Common Voice Scripted Speech 24.0 - Central Kurdish

Split Samples
Train 95,895
Validation 11,987
Test 11,987

Preprocessing & Augmentation

Audio was resampled to 16 kHz mono and processed through Whisper's log-mel feature extractor with return_attention_mask=True. Training samples were augmented on-the-fly with:

  • Volume perturbation (scale ×0.7–1.3, p=0.4)
  • Gaussian noise (σ=0.001–0.006, p=0.3)
  • Speed perturbation via resampling (factor ×0.95–1.05, p=0.2)

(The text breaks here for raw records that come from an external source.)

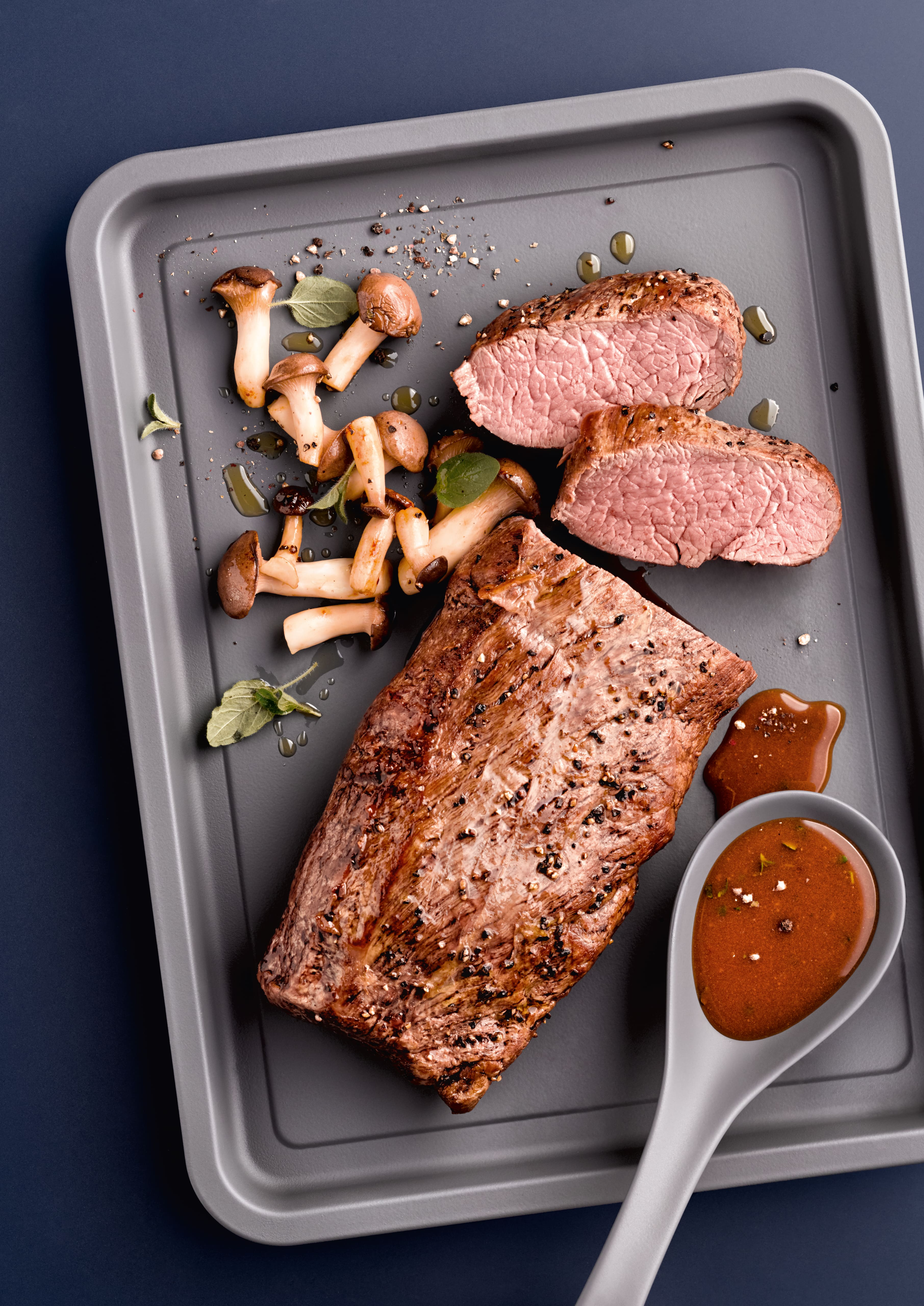 - Sear tenderloin: Using the Miele griddle, HUB casserole or large frying pan, sear the meat on the cooktop on all sides. When oven is at temperature, place the roast probe in the meat and slide into the oven.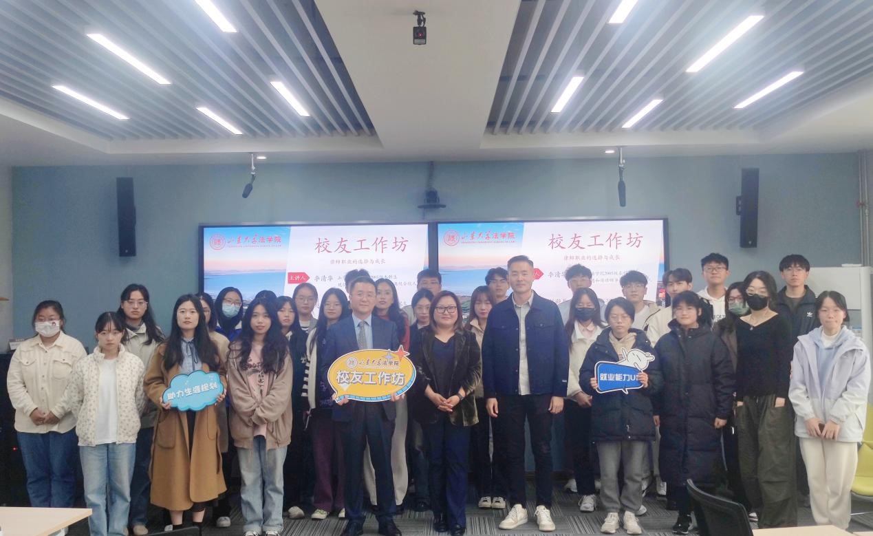 两位校友以“律师职业的选择与成长”为题,从求职历程、工作经验等方面进行分享。李清华结合自身求职经历,建议同学们要明确职业规划,敢于宣传自己,把握求职机会,同时强调工作中应具备责任感,注重个人能力的提升。赵新辰鼓励同学们在职业选择时要考虑自身专业、个人性格等多方面因素,切实了解目标职业的真实状况,坚定自身职业信念,同时提醒同学们在任何工作岗位上都要保持学习态度。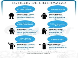 Este documento trata sobre el tema del liderazgo. Define el liderazgo como la influencia interpersonal ejercida en una situación para lograr objetivos específicos, según Chiavenato. También discute otros conceptos de liderazgo, los tipos de liderazgo y comportamientos de líderes, así como ejemplos de líderes como Gandhi y Joan Laporta. Finalmente, incluye algunas frases sobre el liderazgo atribuidas a pensadores como Peter Drucker, Steve Jobs y Napoleón Bonaparte.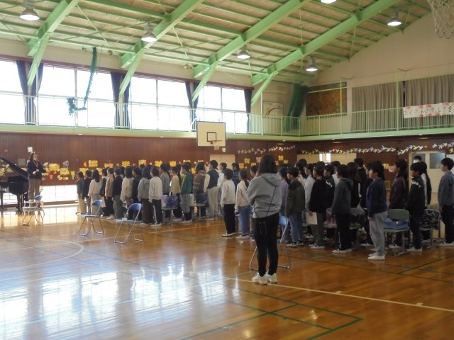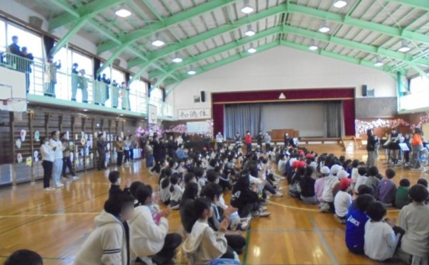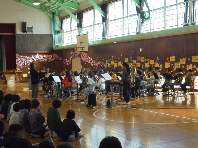 昼休みは、吹奏楽部が卒業コンサートを行い、「きらきら星」と「銀河鉄道999」を披露しました。大勢の子ども達や保護者の方も体育館に来てくださり、たくさんの人の前で発表することができました。最後は、見てくれた皆さんに全員で「ありがとうございました!」と挨拶をして6年生との部活動を締めくくりました。「市内音楽発表会での演奏から、さらに上達しましたね。」と言ってくださった保護者の方もいらっしゃいました。足を運んでくださった皆様、ありがとうございました。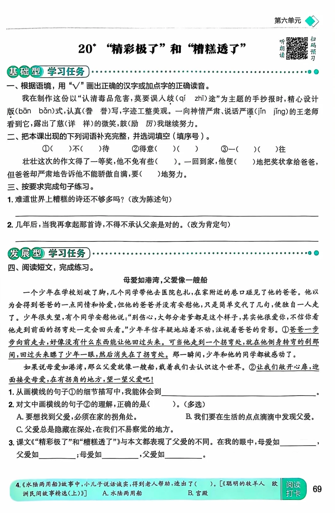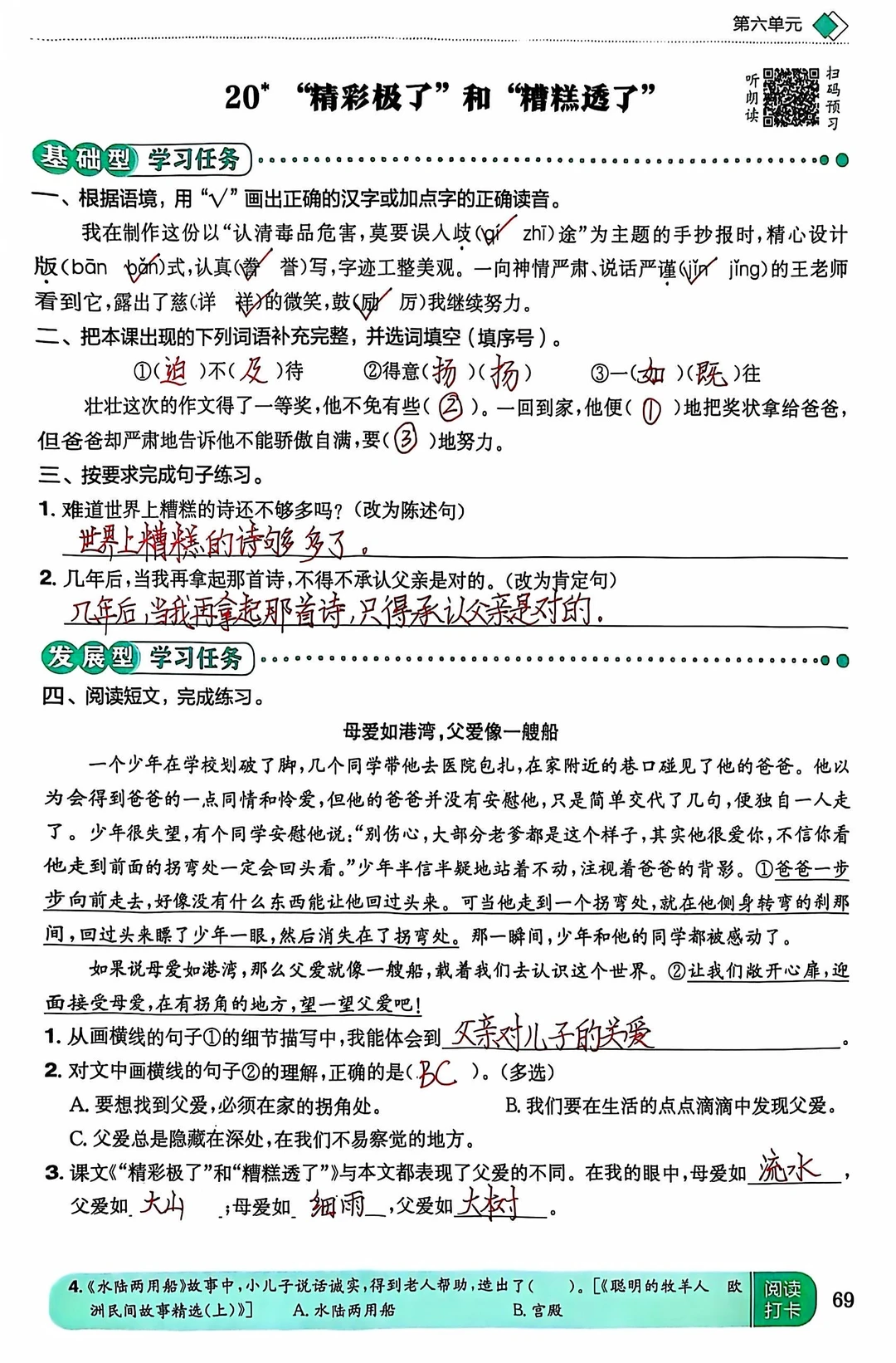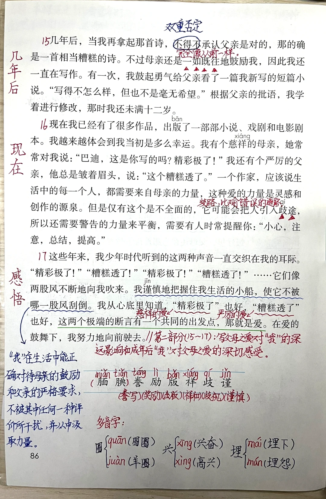 《“精彩极了”和“糟糕透了”》课堂笔记➕课后练习题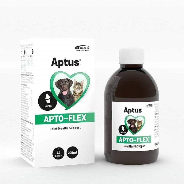 Az Aptus® APTO-FLEX szirup gyógyhatású, oldott formában készült, új típusú, kondroprotektív készítmény. A porc és az inak egészségére ható tradicionális anyagok (glukozamin szulfát, kondroitin szulfát, MSM) ideális kombinációja hatékony hialuronsavval és kollagénnel került kiegészítésre.Az Aptus® APTO-FLEX szirup a nagytestű, sportoló, elhízott, vagy idősebb kutyáknak, valamint a gyors növekedésű fajták kölyökkutyáinak javasolt. Az ízületi porc és inak táplálására, védelmére és regenerálására, a mozgásképesség javítására, az ízületi gyulladás megelőzésére kifejlesztett porcerősítő oldat.Az Aptus® APTO-FLEX szirup az ortopéd sebészeti beavatkozások, ízületi diszpláziák, oszteoartritisz, ortopéd eredetű fájdalom esetén könnyíti és gyorsítja a gyógyulást, könnyíti az ízületek mozgékonyságát, lassítja az artrózis folyamatát.Összetétele (100ml tartalma):- nátrium hyaluronát 140mg - glukozamin szulfát 800mg- kondroitin szulfát 400mg- tőzegáfonya- hidrolizált kollagén 14.000 mg- MSM (metil-szulfonil-metán) 1000mgAdagolása:

No augmentation was applied to validation or test sets.

Training Hyperparameters

Parameter Value
Base model openai/whisper-small
Precision BF16 + TF32
Per-device batch size (train) 128
Per-device batch size (eval) 128
Gradient accumulation steps 1
Learning rate 1e-3
LR scheduler Cosine
Warmup steps 375
Max epochs 15
Eval & save interval 750 steps
Best model metric WER (lower is better)
Gradient checkpointing Enabled

LoRA Configuration

Parameter Value
Rank (r) 32
Alpha 64
Dropout 0.1
Target modules q_proj, v_proj, k_proj, out_proj, fc1, fc2
Bias none
Task type SEQ_2_SEQ_LM
Adapter size ~52 MB (pre-merge)

Training was run in multiple resumed sessions on Modal (A10G GPU).

Uses

Direct Use

Transcribing Central Kurdish (Sorani) speech to text. Suitable for:

  • Voice-to-text applications for Sorani Kurdish speakers
  • Subtitle and caption generation for CKB audio/video content
  • Research and downstream NLP tasks on Kurdish text

Out-of-Scope Use

  • Not suitable for Kurmanji (kmr), Zazaki, or other Kurdish dialects without further fine-tuning.
  • Not evaluated on telephone-quality, heavily noisy, or far-field audio.
  • Not intended for real-time streaming ASR without additional latency optimization.

Bias, Risks, and Limitations

  • Training data is crowdsourced from Common Voice and may not represent all regional accents, age groups, or speaking styles within the Sorani-speaking community.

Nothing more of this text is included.